The stock of the government’s domestic debt held in the form of Treasury bills has nearly doubled over the past year to cross the Sh1 trillion mark, pointing to a liquidity crunch for the State amid below-target tax collection.
The increase in the volume of outstanding bills also reflects increased demand for the securities by unit trusts, pension funds, and the government’s own housing fund, which parks excess cash in the papers.
Latest Central Bank of Kenya (CBK) data shows that by June 13, T-bills stood at Sh1.003 trillion, accounting for 16.13 percent of total government domestic debt, having gone up from Sh615.9 billion or 12.7 percent of debt in June 2024.
The current outstanding T-bills represent an all-time high in nominal terms, matching the Sh1 trillion seen at the end of April 2019, but as a percentage of government domestic debt, the T-bills are trailing the 37 percent share reported in February 2019.
Given that they are issued weekly and on tenors of between three and 12 months, T-bills can come in handy in funding short-term liquidity needs for the government, alongside the overdraft facility at the CBK.
“On the supply side, the high uptake on recent sales may suggest that the government is liquidity strained, or ramping up its ammunition given the underperformance in ordinary revenue,” said Churchill Ogutu, an economist at IC Capital Group (Mauritius).

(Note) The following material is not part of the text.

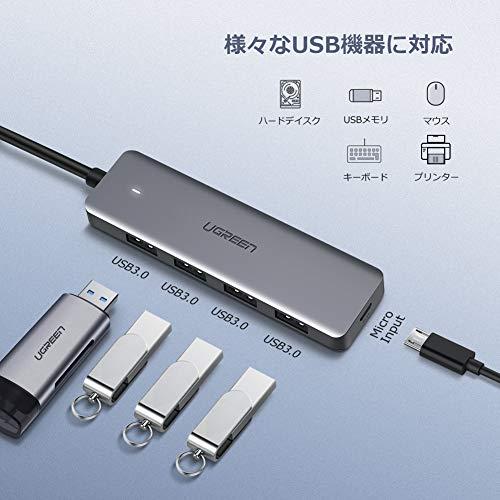 UGREEN USB 3.0 ハブ 4ポート拡張 USB ハブ USB C電源供給 セルフパワー/バスパワー USB 高速ハブ 軽量型 PS5 PS

“We have also seen increased demand for T-bills from money market funds and pension funds which are now handling enhanced contributions, and the government has also been deploying some of the funds collected under the affordable housing levy in the short-term securities.”
As per its medium-term debt strategy, the government prefers to use Treasury bonds for financing its budget deficit, with T-bills largely utilised as liquidity management tools by financial sector players.
Pursuing this policy —which is meant to reduce short-term refinancing pressure for the Treasury— saw the outstanding volume of T-bills dip to a six-and-a-half-year low of Sh546 billion in December 2023, before progressively rising again to the current level of Sh1 trillion.
Over the past year, tax collection has been hit by tough economic conditions facing businesses, as well as the government’s inability to impose sweeping new tax measures after the rejection of the 2024 Finance Bill. Some of the rejected measures were however reintroduced successfully via the Tax Laws (Amendment) Act 2024 that was signed in December.
The latest Kenya Revenue Authority (KRA) data shows that in the 10 months to April 2025, tax revenue collected on behalf of the national government stood at Sh1.91 trillion, equivalent to 95 percent of the prorated target of Sh2.006 trillion for the period.
Increased liquidity
At the same time, the National Treasury has within this financial year been forced to issue two supplementary budgets to cover the revenue shortfalls, with a third one currently tabled and under consideration in Parliament.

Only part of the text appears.